### Work order
Using the listing below, retype only the lines from the line with "Pendentes, Prata, Cristal" through the end, both ends included, and exclude the pictures.
== Record set
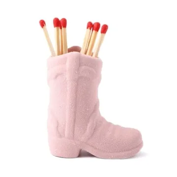 Cowboy Boot Match Holder, Ceramic Match Box for All Matches, Match Jar for Bathroom, Kitchen, Cute Matchstick Holder for Home Decor (Matches NOT Included) (Pink)
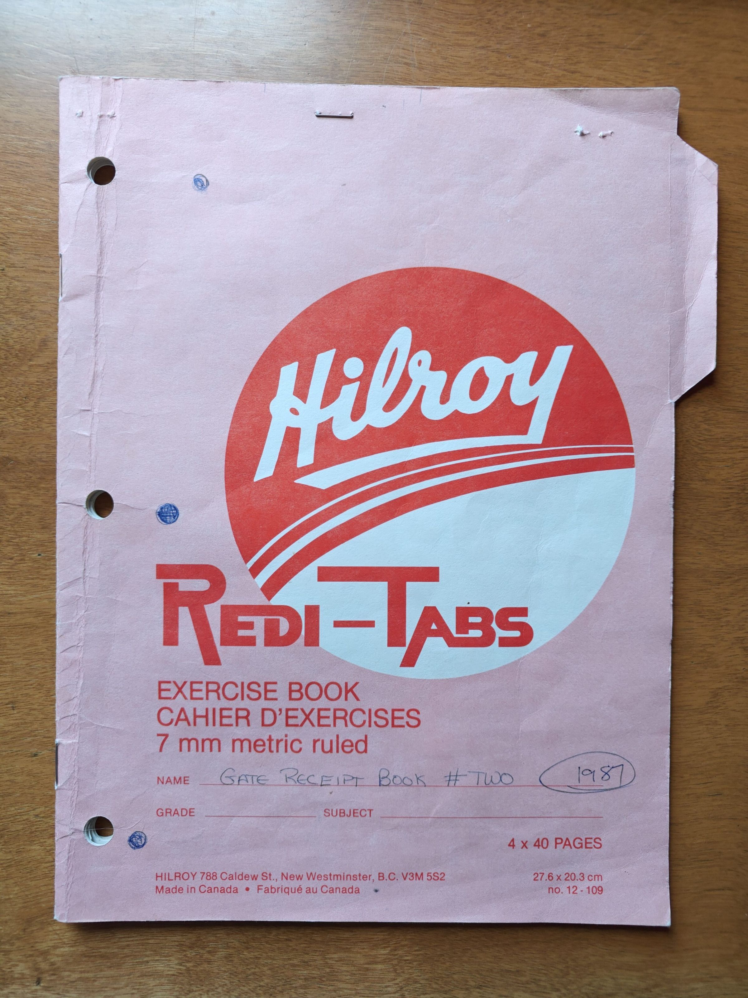 Gate Receipt Book 1987 # Two
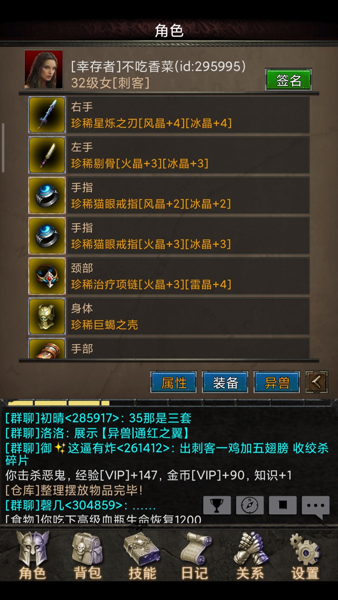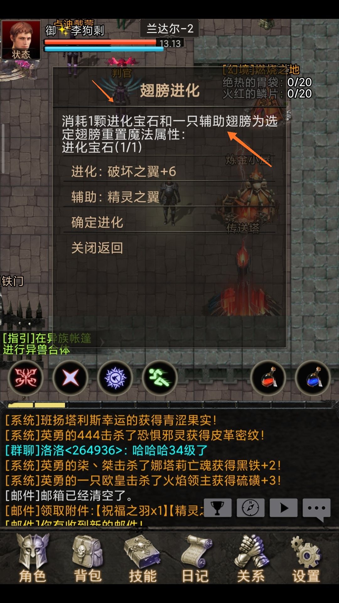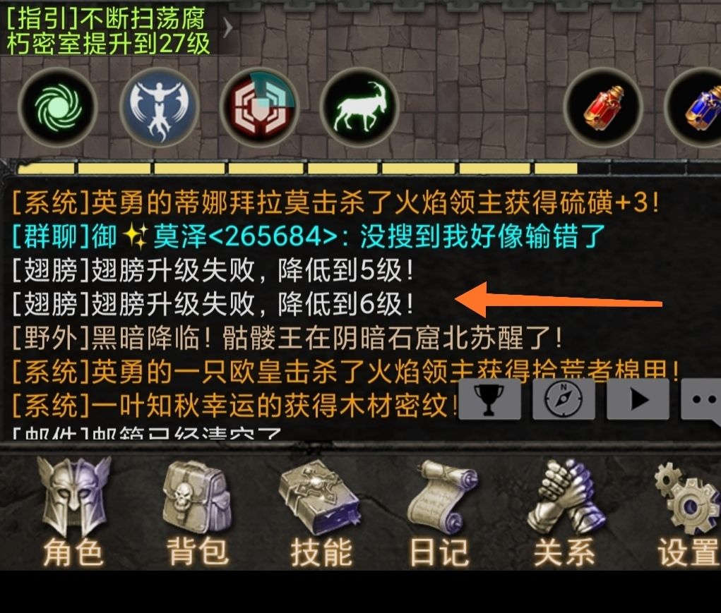 这个是狗子把系统送的装备全拿去合成翅膀的号,现在到了32级还在挂恶鬼👻有时候还会暴毙...心累。
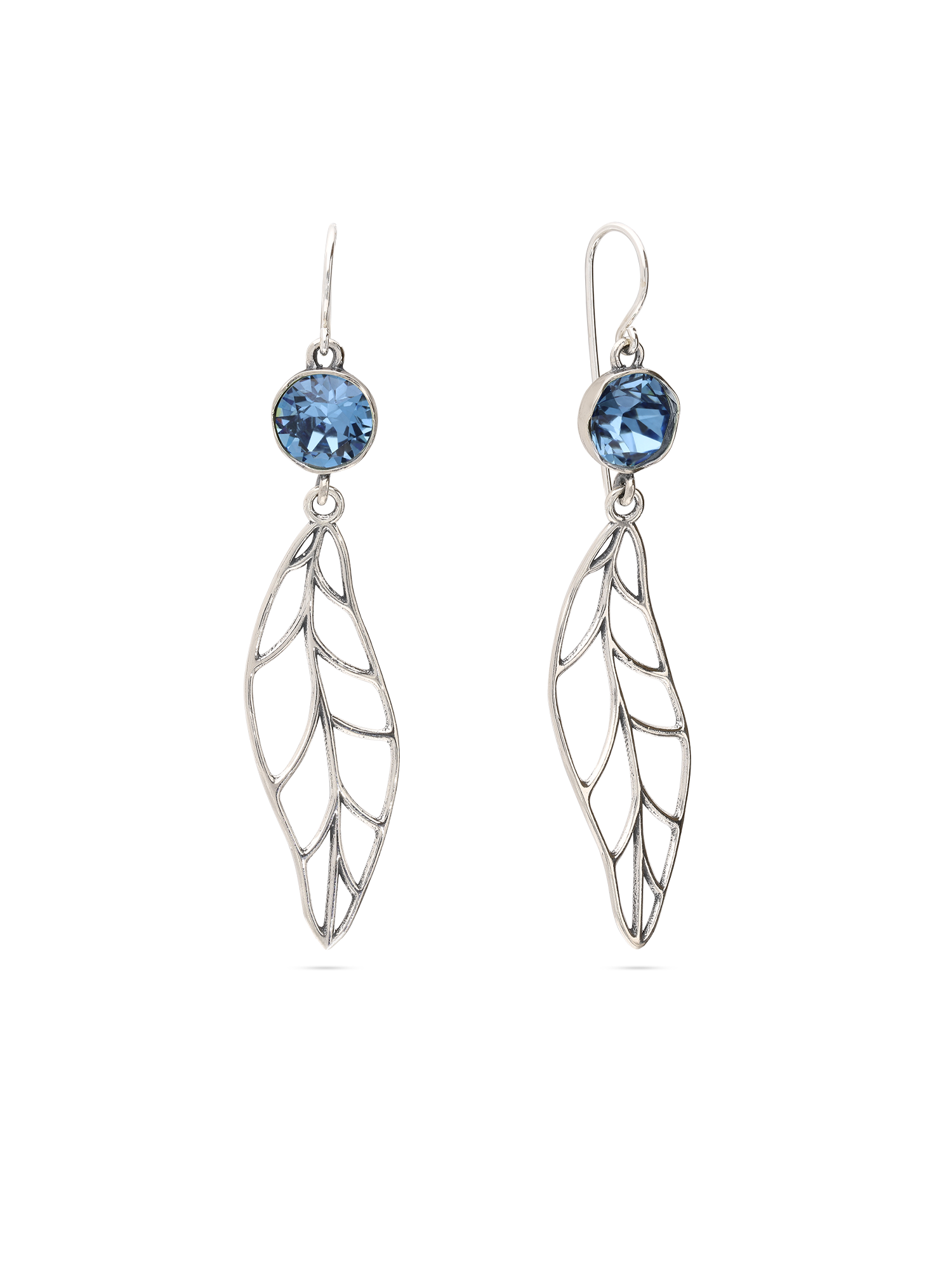 Pendentes, Prata, Cristal Swarovski de cultivo, Azul céu, Folha, Círculo, Feito à mão,, Prateado, comprimento do brinco: 6.5 cm, largura do brinco: 1.4 cm, 4.50 gramas.
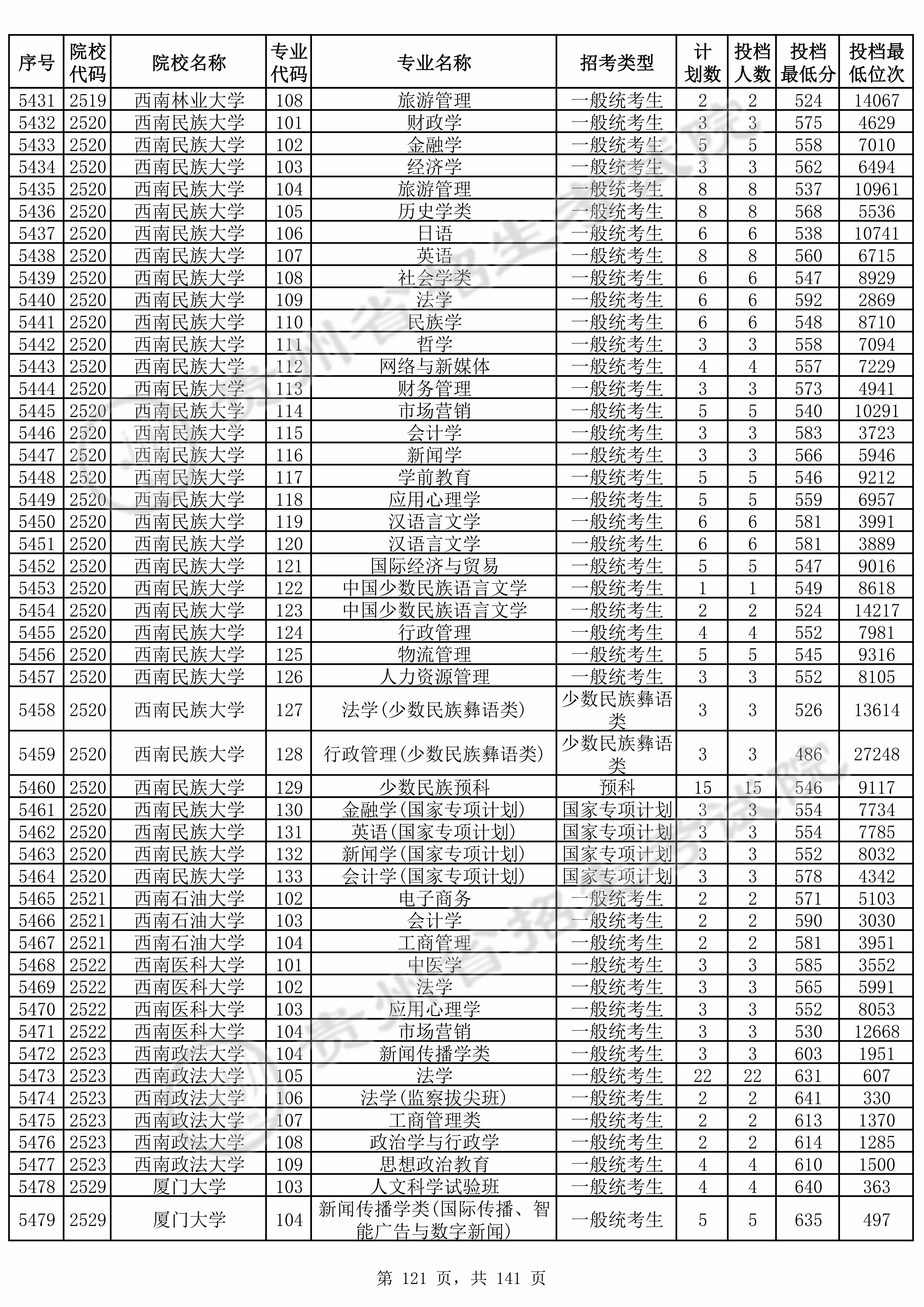 2025年贵州高考普通类本科批 西南民族大学 的 历史学类 专业录取分数溯源信息
====
### Task solution
 Pendentes, Prata, Cristal Swarovski de cultivo, Azul céu, Folha, Círculo, Feito à mão,, Prateado, comprimento do brinco: 6.5 cm, largura do brinco: 1.4 cm, 4.50 gramas.
 2025年贵州高考普通类本科批 西南民族大学 的 历史学类 专业录取分数溯源信息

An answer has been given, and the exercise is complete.